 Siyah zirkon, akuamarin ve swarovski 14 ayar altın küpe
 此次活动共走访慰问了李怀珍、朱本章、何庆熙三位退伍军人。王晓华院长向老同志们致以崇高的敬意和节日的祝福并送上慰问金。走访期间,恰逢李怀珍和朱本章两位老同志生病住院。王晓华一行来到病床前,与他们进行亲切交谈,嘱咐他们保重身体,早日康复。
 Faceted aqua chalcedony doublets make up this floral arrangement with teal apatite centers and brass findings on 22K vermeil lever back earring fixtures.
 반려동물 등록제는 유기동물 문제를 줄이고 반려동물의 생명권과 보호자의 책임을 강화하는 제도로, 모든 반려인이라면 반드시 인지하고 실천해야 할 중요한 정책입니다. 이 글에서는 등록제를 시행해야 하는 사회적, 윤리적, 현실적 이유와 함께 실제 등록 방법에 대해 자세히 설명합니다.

|---|

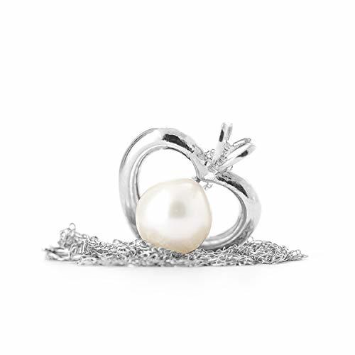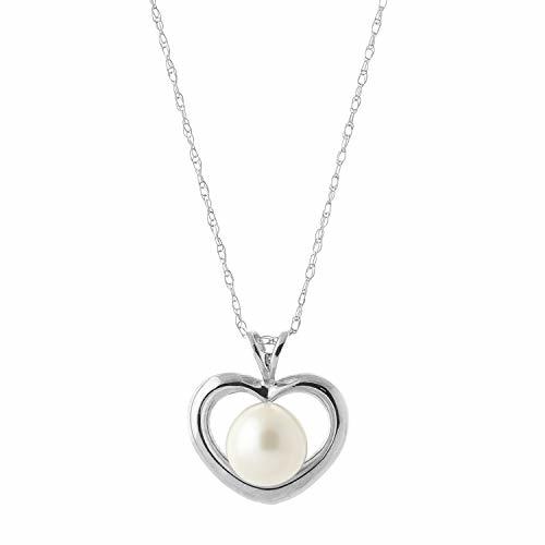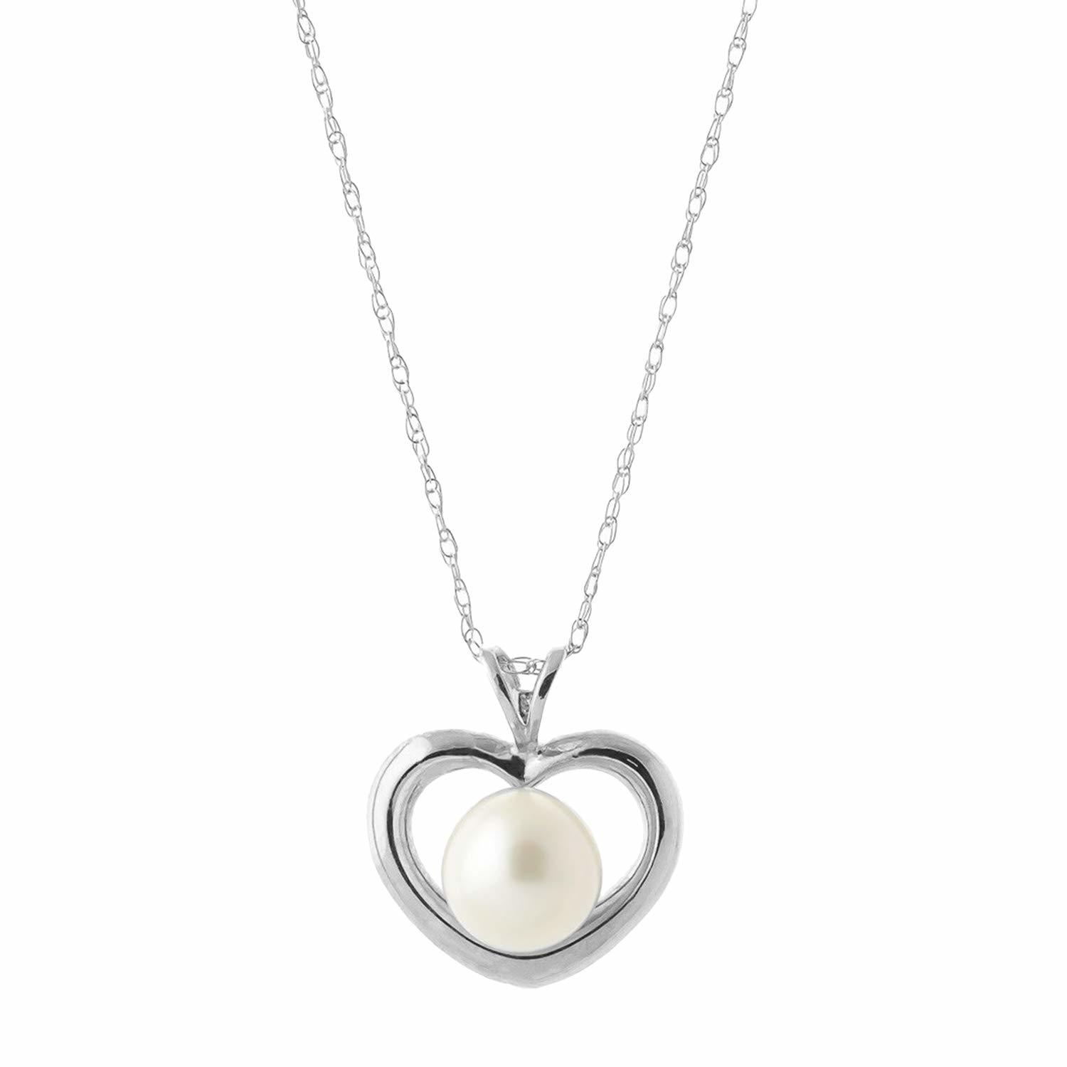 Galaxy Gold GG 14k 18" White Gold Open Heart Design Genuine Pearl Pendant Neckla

|---|

### Exercise aim:
Among the entries above, copy exactly only the lines starting with the one containing "此次活动共走访慰问了李怀珍、" and going through the one containing "반려동물 등록제는 유기동물", both ends included.

### Response to the task:
 此次活动共走访慰问了李怀珍、朱本章、何庆熙三位退伍军人。王晓华院长向老同志们致以崇高的敬意和节日的祝福并送上慰问金。走访期间,恰逢李怀珍和朱本章两位老同志生病住院。王晓华一行来到病床前,与他们进行亲切交谈,嘱咐他们保重身体,早日康复。
 Faceted aqua chalcedony doublets make up this floral arrangement with teal apatite centers and brass findings on 22K vermeil lever back earring fixtures.
 반려동물 등록제는 유기동물 문제를 줄이고 반려동물의 생명권과 보호자의 책임을 강화하는 제도로, 모든 반려인이라면 반드시 인지하고 실천해야 할 중요한 정책입니다. 이 글에서는 등록제를 시행해야 하는 사회적, 윤리적, 현실적 이유와 함께 실제 등록 방법에 대해 자세히 설명합니다.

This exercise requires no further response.